We used 10× MIC to compare the same concentration of both agents (antibiotics and TeaNPs) after the same incubation times (three hours). In some tests, e.g., to find the minimum duration for killing 99% of the population (MDK₉₉),⁸⁰ the concentration of the applied antibiotic is usually at least 20× MIC, reaching even 100× MIC.⁸¹ In the case of ampicillin, the MDK₉₉, after around ∼3 hours, used a concentration of at least 0.2 mg mL⁻¹ (MIC = 0.01 mg mL⁻¹).

In most protocols employing silver nanoparticles, only minimal inhibitory concentration (MIC) is estimated,^53,82–85 similar to antibiotic antibacterial assays. However, MIC-based metrics are limited to qualitative analysis of a particular substance.⁸⁶ Also, such protocols always provide information on microbial survival after de facto overnight (about 16 hours) exposure to the active substance.

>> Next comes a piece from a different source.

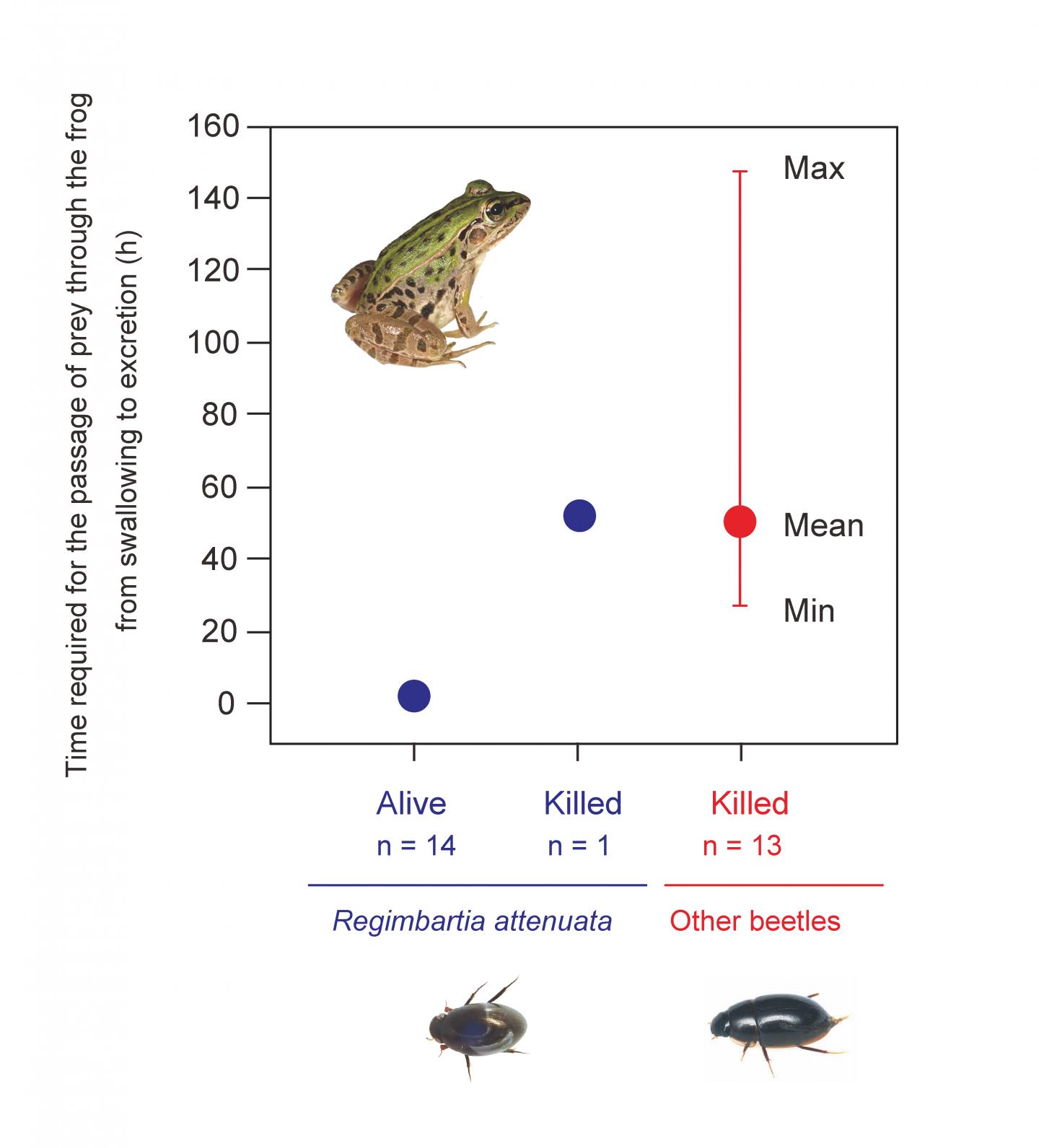 image: Time required for the passage of Regimbartia attenuata and other beetles through the frog Pelophylax nigromaculatus from swallowing to excretion.

Next, we investigated the antifungal properties of TeaNPs. The structure of yeast cells differs from that of bacterial cells. The cell envelope of yeast is composed of beta-glucans, chitin, and mannoproteins, which are believed to be unaffected by silver.⁷⁷ Therefore, antibacterial properties do not imply antifungal activity. The number of reports on successfully using silver nanoparticles against yeast is limited.^87–89 We observed an antifungal effect of TeaNPs against yeasts, represented by C. neoformans, and the emerging opportunistic pathogen C. auris (in this study, we used a strain resistant to amphotericin B and azole drugs). Both species are clinically significant due to the severe infection trait (C. neoformans)⁹⁰ or rapidly developing drug resistance (C. auris).³⁴ At 1 mg mL⁻¹ concentration, all examined AgNPs (including C-AgNPs) presented an elimination rate close to 99%. However, at lower concentrations of 0.1 mg mL⁻¹ and 0.5 mg mL⁻¹, C-AgNPs allowed only around a 25% decrease. At a concentration of 0.5 mg mL⁻¹, B-TeaNPs and G-TeaNPs reduced the number of C. auris cells by about 60% and 80%, respectively. 0.1 mg mL⁻¹ of TeaNPs was sufficient to cause a significant decrease in the number of C. neoformans but not C. auris cells. After 3 hours of exposition, G-TeaNPs resulted in about 80% elimination of C. neoformans; for B-TeaNPs, the elimination rate was about 60%. C-AgNPs and R-TeaNPs allowed for about 20–30% of titer reduction. At the concentrations of 0.5 mg mL⁻¹ and 1.0 mg mL⁻¹, the number of remaining cells was below the detection limit (∼10 cells per mL) for all studied AgNPs (including C-AgNPs) (Fig. 5A). We also performed a control experiment, where we did not observe any significant antifungal activity of tea extracts against yeast cells (Fig. 5B). In the case of C. auris, a value above 100% against RT extract was most likely used by cells metabolizing the components of the extracts. In fact, tea extracts alone were found to not only be ineffective against Candida spp.,⁹¹ but also vital for fungal biofilm formation.^92,93

Fig. 5 (A) Dose compensation of TeaNPs against C. auris and C. neoformans with three concentrations: 0.1 mg mL⁻¹, 0.5 mg mL⁻¹, and 1 mg mL⁻¹. (B) Antimicrobial activity of tea extracts (0.5 mg mL⁻¹) against C. auris and C. neoformans. The results are presented as a percentage of survival (i.e., ), *p < 0.05; **p < 0.01; ***p < 0.001, p values were calculated with respect to the control sample (not exposed to any AgNPs).

Fig. 6 Schematic illustration of antibacterial activity of TeaNPs. AgNPs capped with tea extract components compromise the integrity of bacterial envelopes and enter the cell, causing further damage to the cell's functioning (‘poisoned arrow’ mechanism).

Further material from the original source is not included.